Recently, researchers from the Intel Lab and the University of Southern California introduced an AI system known as Sample Factory that can optimise the efficiency of reinforcement learning algorithms on a single-machine setting. Sample Factory is a high-throughput training system optimised for a single-machine setting that combines a highly efficient, asynchronous, GPU-based sampler with off-policy correction techniques.
Researchers from organisations and academia have achieved several ground-breaking results in both training sophisticated agents for video games and in sim-to-real transfer for robotics over the past few years. The results were achieved by increasing the scale of reinforcement learning experiments.
However, such experiments rely on large distributed systems and require expensive hardware setups. Billion-scale experiments with complex environments have become commonplace for these researches, and the most advanced efforts consume trillions of environment transitions in a single training session. This, in result, limits the broader access to this exciting area of research.
This is where Sample Factory comes into play. According to the researchers, Sample Factory mitigates this issue by optimising the efficiency and resource utilisation of reinforcement learning algorithms instead of relying on distributed computations.
Behind Sample Factory
Sample Factory is an architecture for high-throughput reinforcement learning on a single machine scenario. It is built around an Asynchronous Proximal Policy Optimisation (APPO) algorithm, which is a reinforcement learning architecture that allows to aggressively parallelise the experience collection and achieve throughput as high as 130000 FPS (environment frames per second) on a single multi-core compute node with only one GPU.

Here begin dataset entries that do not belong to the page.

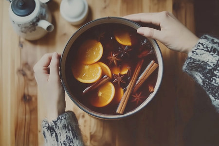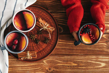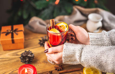 Woman's hands in a warm sweater are holding a cup of aromatic hot mulled wine on a wooden table. Concept of a festive atmosphere and cozy winter mood.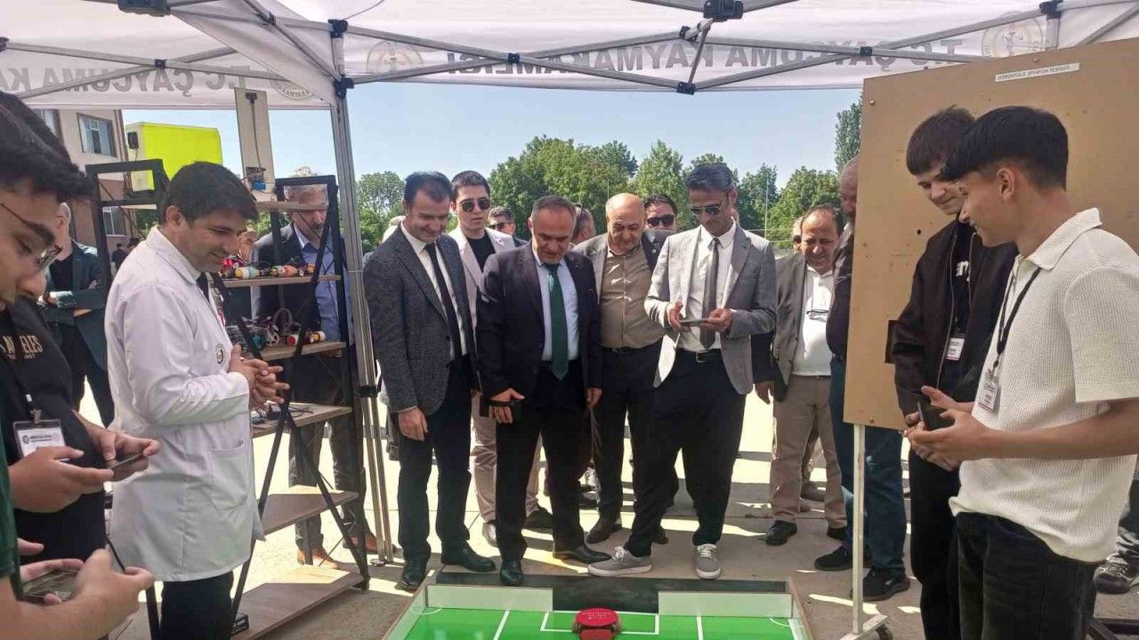 Sergi alanını gezerek öğrencilerle tek tek ilgilenen Kaymakam Kaya, projeler hakkında bilgi aldı, öğrencilerin yeteneklerini ve üretkenliğini takdir etti.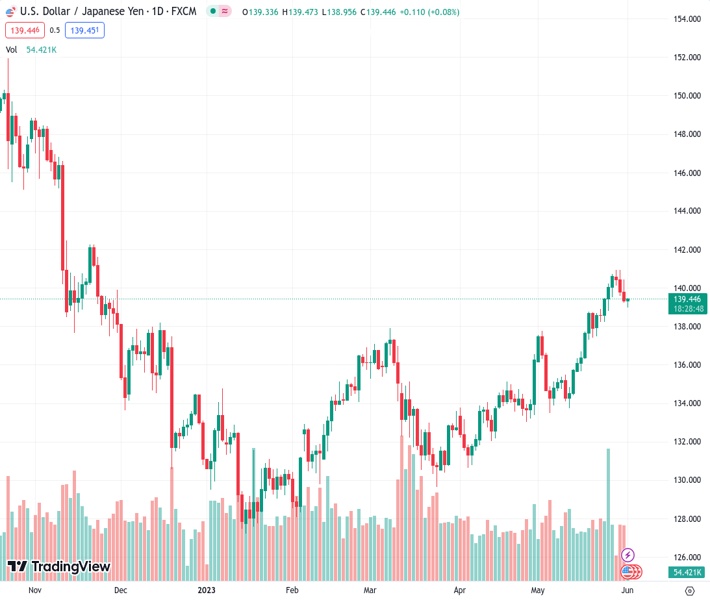 USDJPY currently trading at 139.39 at the time of writing. Pair opened at 139.34 and is trading with a change of 0.04% % .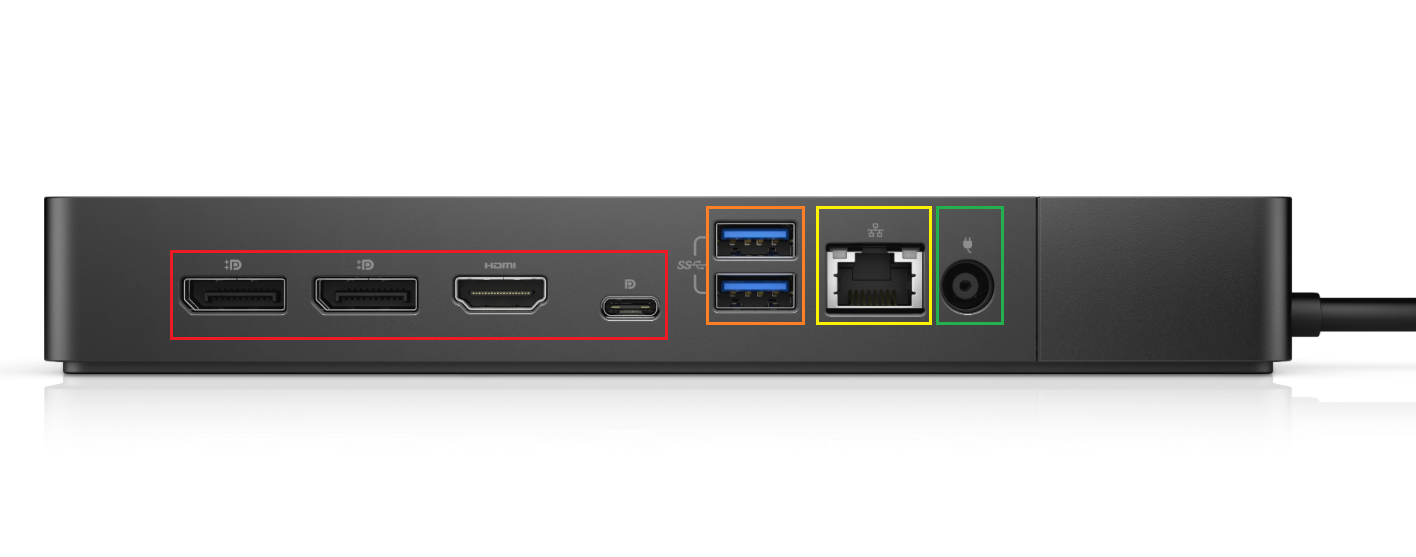 The back of the dock shown in the image below, is where we plug in the monitors, USB, Ethernet, and the power for the dock. We went and labeled the back of the dock with colors to what each port does. We also have made sections to help you find what you are looking for.

A typical reinforcement learning scenario involves three major computational workloads, which are environment simulation, model inference, and backpropagation. The key motivation of this research was to build a system in which the slowest of three workloads never has to wait for any other processes to provide the data necessary to perform the next computation since the overall throughput of the algorithm is ultimately defined by the workload with the lowest throughput.
To minimise the idle time for all key computations, the researchers associated each computational workload with one of three dedicated types of components. These components communicate with each other using a fast protocol based on FIFO queues and shared memory.
Here, the queueing mechanism provides the basis for continuous and asynchronous execution, where the next computation step can be started immediately as long as there is something in the queue to process. The decision to assign each workload to a dedicated component type also allowed the researchers to parallelise them independently, thereby achieving optimised resource balance.
The researchers further evaluated the algorithm on a set of challenging 3D environments. They used three reinforcement learning domains for benchmarking, which are Atari, VizDoom, and DeepMind Lab.
Home » Intel’s New AI System Can Optimise Reinforcement Learning Training On A Single System
Benefits of Sample Factory
Through this research, the researchers aimed to democratise deep reinforcement learning and make it possible to train the whole populations of agents on billions of environment transitions using the widely available commodity hardware. It can benefit any project that leverages model-free reinforcement learning.
Sample Factory can be used as a single node in a distributed setup, where each machine has a sampler and a learner. They extended Sample Factory to support self-play and population-based training. The researchers stared, “With our system architecture, researchers can iterate on their ideas faster, thus accelerating progress in the field.”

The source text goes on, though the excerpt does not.